Records to process:
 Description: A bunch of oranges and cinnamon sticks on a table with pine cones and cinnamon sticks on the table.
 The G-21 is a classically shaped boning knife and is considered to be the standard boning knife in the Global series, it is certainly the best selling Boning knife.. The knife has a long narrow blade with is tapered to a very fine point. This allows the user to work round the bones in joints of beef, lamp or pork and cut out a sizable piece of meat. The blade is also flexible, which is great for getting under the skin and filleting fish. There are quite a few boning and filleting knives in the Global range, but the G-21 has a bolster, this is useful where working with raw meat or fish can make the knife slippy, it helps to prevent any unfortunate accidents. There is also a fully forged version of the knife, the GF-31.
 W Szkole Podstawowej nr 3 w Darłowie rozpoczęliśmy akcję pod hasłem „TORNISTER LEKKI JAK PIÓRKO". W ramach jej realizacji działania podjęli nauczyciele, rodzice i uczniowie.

---

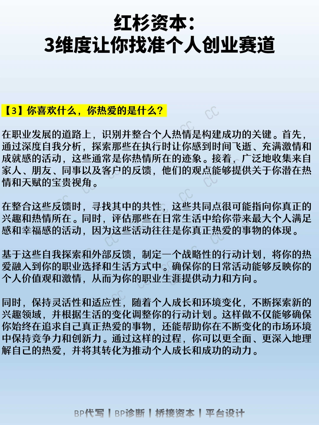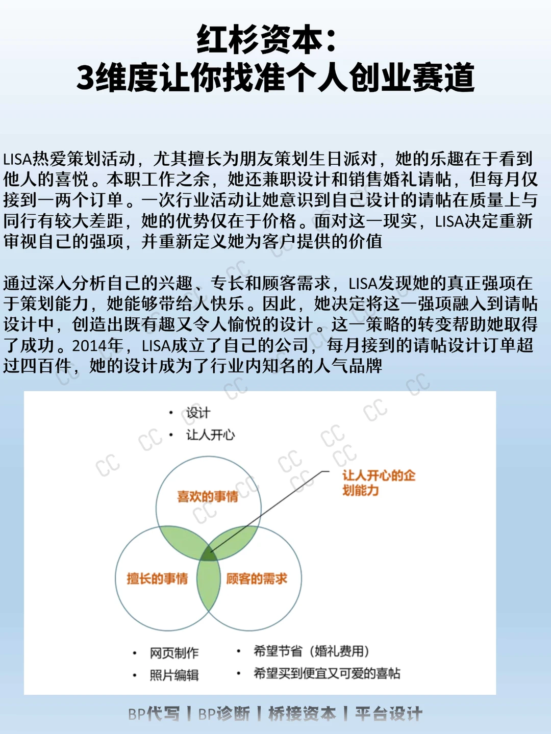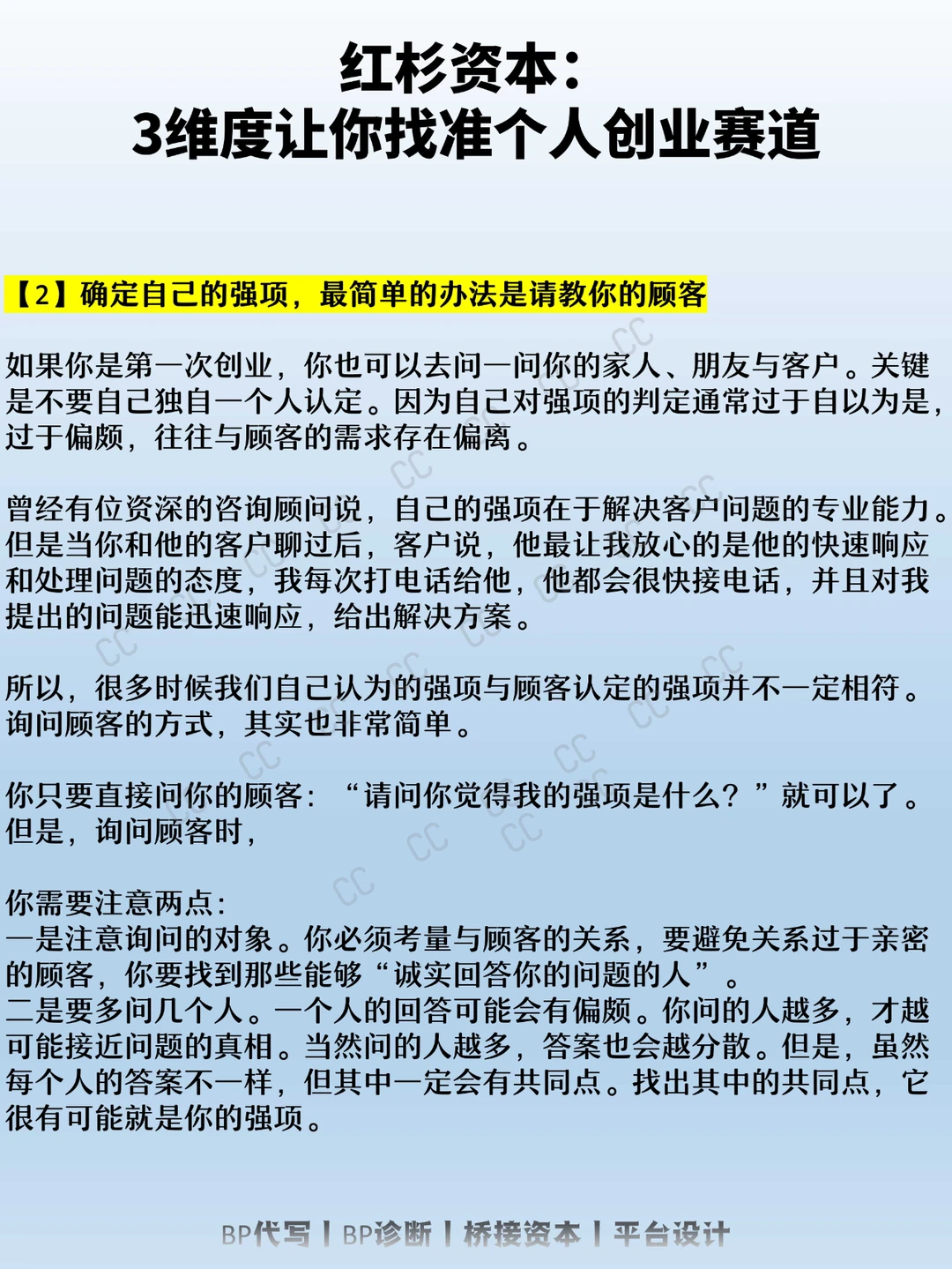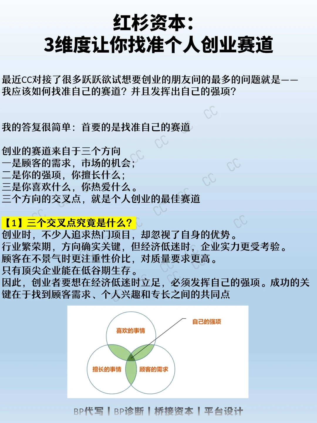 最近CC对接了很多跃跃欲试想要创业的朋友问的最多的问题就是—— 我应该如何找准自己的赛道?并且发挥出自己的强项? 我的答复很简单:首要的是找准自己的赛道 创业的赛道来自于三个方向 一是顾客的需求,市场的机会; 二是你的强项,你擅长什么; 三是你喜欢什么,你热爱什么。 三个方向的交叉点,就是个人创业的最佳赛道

Exercise description:
Give back exactly the lines above, from the line containing "Description: A bunch" through the line containing "W Szkole Podstawowej", with both end lines and nothing more.

Solution for this task:
 Description: A bunch of oranges and cinnamon sticks on a table with pine cones and cinnamon sticks on the table.
 The G-21 is a classically shaped boning knife and is considered to be the standard boning knife in the Global series, it is certainly the best selling Boning knife.. The knife has a long narrow blade with is tapered to a very fine point. This allows the user to work round the bones in joints of beef, lamp or pork and cut out a sizable piece of meat. The blade is also flexible, which is great for getting under the skin and filleting fish. There are quite a few boning and filleting knives in the Global range, but the G-21 has a bolster, this is useful where working with raw meat or fish can make the knife slippy, it helps to prevent any unfortunate accidents. There is also a fully forged version of the knife, the GF-31.
 W Szkole Podstawowej nr 3 w Darłowie rozpoczęliśmy akcję pod hasłem „TORNISTER LEKKI JAK PIÓRKO". W ramach jej realizacji działania podjęli nauczyciele, rodzice i uczniowie.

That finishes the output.